One method by which this could be accomplished is through the use of a surface-enhanced Raman spectroscopy (SERS). A number of authors have developed SERS-based techniques for sequence specific DNA detection. Cao et al.35 for example demonstrated a three-component sandwich assay using Ag staining on Au seed particles to enhance SERS signals in DNA microarray format. In another example, Fabris et al.36 developed a peptide nucleic acid (PNA)-based SERS DNA assay which enabled more rapid hybridization rates since the neutrally charged PNA were not limited by the typical electrostatic repulsion between cDNA strands. A number of so-called “molecular beacon”-based SERS probe techniques have also been developed.37–39 These methods typically use a DNA hairpin structure with a Raman-active molecule at one end and a metallic nanoparticle at the other which become separated following a hybridization, thereby reducing the strength of the emitted SERS signal. Qian et al.33 and Graham et al.40 have also recently presented dye-coded DNA-functionalized metal nanoparticles-based SERS methods which enabled greater sensitivity and repeatability in obtaining the SERS spectrum.

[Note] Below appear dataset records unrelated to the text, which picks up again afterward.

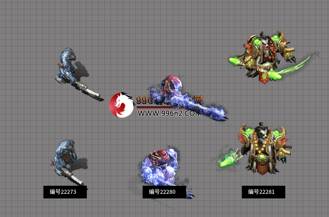 上传之前素材已经经过多次压缩. 实际的素材效果要比下面的图片强很多倍. 996素材下载后可以直接调用。跟版本的编号相同,修改一下就可以了, 大大节省了GM的用图片转换成996素材的时间 说明:本站所有素材全是从用996引擎游戏中调整好坐标后截图.看到是什么样的,安装到自己版本中就是什么样的.
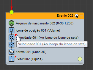 Se o cursor está sobre uma lista e você copiou as ações, as ações são adicionadas ao evento. Se o cursor está sobre uma área vazia da exibição de fluxo de evento de partículas cria um novo evento que contendo as ações coladas. Um evento copiado pode ser colado apenas em uma área vazia da tela evento.
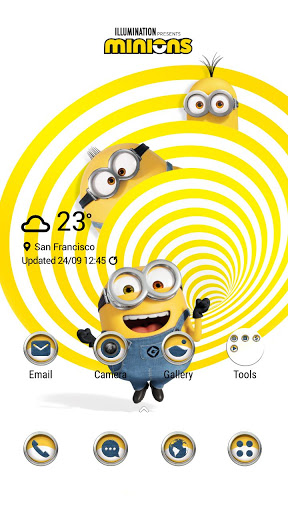 Get the Minions: Yellow Spin theme for your smartphone! Transform the look of your phone with this stylish, custom-designed homescreen and its love motive. It has:
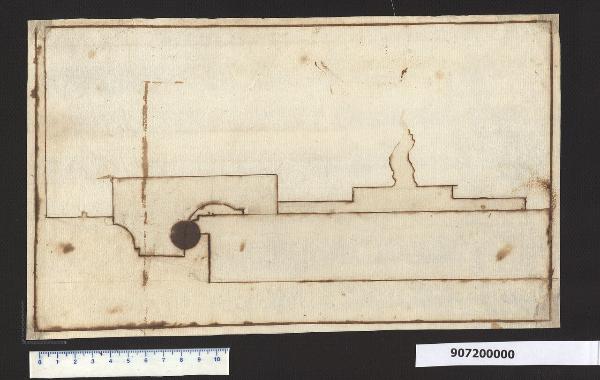 disegno eseguito con inchiostro bruno, principalmente a tiralinee e compasso e in parte a mano libera, acquerellatura a inchiostro bruno, schizzo a grafite sul verso; il disegno presenta una marginatura a inchiostro bruno a penna con sbavature ed è tracciato su carta leggermente imbrunita
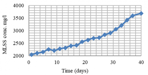 MLSS concentration was continuously tested in this period which showed a noticeable increase. This period was extended for 40 days before starting the experimental work procedure.
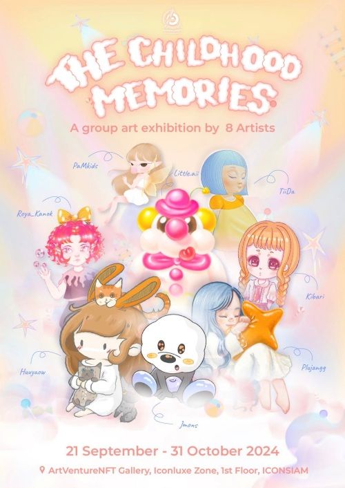แวะเติมพลังบวกไปกับ “The Childhood Memories” นิทรรศการศิลปะที่จัดแสดงแบบกลุ่ม จากศิลปินรุ่นใหม่ไฟแรงทั้ง 8 คน ได้แก่ Huuyaow, Jmons, PaMkids,Kibari, Roya_Kanok, TiiDa, Plujangg และ Little.aii ผ่านผลงานตัวละครสุดน่ารักที่ได้แรงบันดาลใจจากภาพความทรงจำ ความฝัน ความประทับใจ และจินตนาการในวัยเยาว์ ที่จะพาทุกคนนั่งไทม์แมชชีนย้อนเวลากลับไปสู่โลกความทรงจำในวัยเด็กที่เต็มไปด้วยความสุขอีกครั้ง
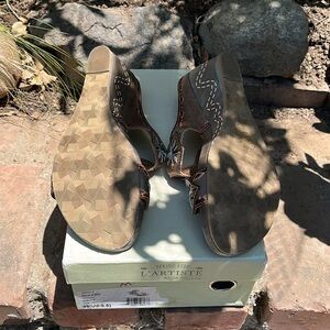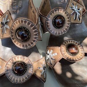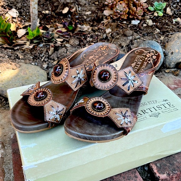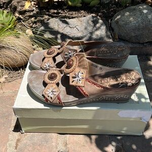 These wedged sandals are from Spring Step they are leather and the color on the box says gray but are more of a brown color . They feature a 2 straps adorned with 2 faux stones in the middle of the strap and a kind of flower motif on each side . The wedge has some detail on it as well there are also some diamond shapes around the shoe . It’s very beautifully made. The shoes are brand new and have never been worn and kept in the original box.
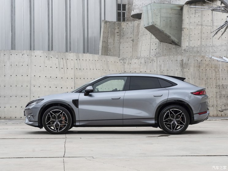 车身侧面拥有低趴的车身姿态,下溜式的车顶线条让它的车尾部分看上去十分紧凑。车身侧面多条腰线勾勒,增强整车的力量感。尾灯采用流光瑞结设计,还会配备可升降后扰流板。宋L整车尺寸为4840/1950/1560mm,轴距为2930mm。这个尺寸大于同样名为“宋”的宋PLUS和宋Pro,与唐差不多。
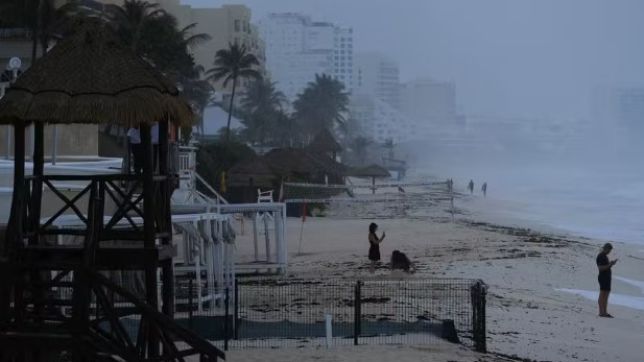 A tempestade chegou à península mexicana de Yucatán durante a manhã. A região abriga a cidade de Cancún, que é famosa entre os turistas.

Here we present a new technique for SNPs detection that combines the selectivity and ease of use of the LDR reaction with the potential for large bandwidth and sensitivity of SERS.1,36,41 The LDR for discrimination of alleles is more accurate than the common hybridization reaction and provides high sensitivity and parallel analysis of several loci directly on genomic DNA in order to distinguish point mutations.42 In this technique (illustrated in Figure 1) the upstream primer contains a SERS active dye and the discriminating 3′ base, while the downstream primer contains an amine to which a silver nanoparticle (which acts as the SERS enhancer) is attached. When the two primers are ligated together (which occurs in the case of a perfect match with the template DNA) the dye is brought into close proximity to the nanoparticle and its Raman signature is detectable. In the case where ligation is not successful, the dye and nanoparticle remain separated and SERS enhancement will not occur. In this paper we demonstrate the LDR-SERS detection reaction and apply it to the detection of point mutations in the K-ras oncogene. We implement the reaction in a microfluidic chip containing electrokinetically active microwell devices43 that enable us to enhance SERS detection by concentrating the reaction products from bulk phase into a confined volume for enhanced optical interrogation. In addition to SNP detection, we also demonstrate the quantitative nature of the reaction and characterize the limit of detection.
Experimental Section
Materials
All chemicals and solvents were purchased at the highest purity grade available. For the SERS enhancers, 50 nm diameter silver colloid solutions were purchased from Nanocs (New York, NY). The buffer solution used was 10 mM phosphate-buffered saline (PBS) buffer solution (0.6 M NaCl, pH 7.6) and stored in a freezer until use. Poly(dimethylsiloxane) (PDMS) microfluidics were made using a Sylgard 184 silicon elastomer kit (Dow Corning, Midland, MI). The thermostable ligase 9°N DNA Ligase was purchased from New England Biolabs Inc. which included a buffer for the LDR reaction. All reactions were carried out at room temperature unless otherwise specified.
LDR Reaction
The oligonucleotide sequences of all the probes and templates used in these experiments are shown in Table 1. All DNA primers and templates were synthesized by Integrated DNA technologies and adapted by previous work done by Khanna et al.38 During primer design, the fluorophore and the amine by which nanoparticles are attached were placed 14 bp apart. To maximize the Raman signal, the enhancer and fluorophore must be as close together as possible. The LDR reaction contained the following in 10 µL reaction: 25 pM of template, 100 pM of each primer, 1 µL of ligase, 1 µL of 10 × Buffer, and water to 10 µL. The LDR reactions used the following thermocycler program: (1) at 90 °C for 2 min (2) at 90 °C for 30 s (3) at 50 °C for 4 min (4) repeat steps 2–4 100 times.
Table 1.
template/primer | sequence for LDR (5′ 3′) |
---|---|
WT K-Ras template | TCC ACA AAA TGA TTC TGA ATT AGC TGT ATC GTC AAG |
GCA CTC TTG CCT ACG CCA CCA GCT CCA ACT ACC ACA AGT | |
TTA TAT TCA GTC ATC | |
MT K-Ras template | TCC ACA AAA TGA TTC TGA ATT AGC TGT ATC GTC AAG |
GCA CTC TTG CCT ACG CCA TCA GCT CCA ACT ACC ACA AGT | |
TTA TAT TCA GTC ATC | |
common LDR primer | 5Phosa/TGG CG/AmTb/ AGG CAA GAG TGC CTT GAC |
mutant LDR primer | GAA TAT AAA CTT GTG GTA G/FlurTc/T GGA GCT GA |
5Phos denotes a 5′ phosphorylation.
AmT denotes an aminated thymine.
FlurT denotes a fluorescein dT.
The italicized bases of the template sequences are the complementary nucleotides to both primers. The 3′ base in mutant LDR primer (bold) allows for specific discrimination of the two templates.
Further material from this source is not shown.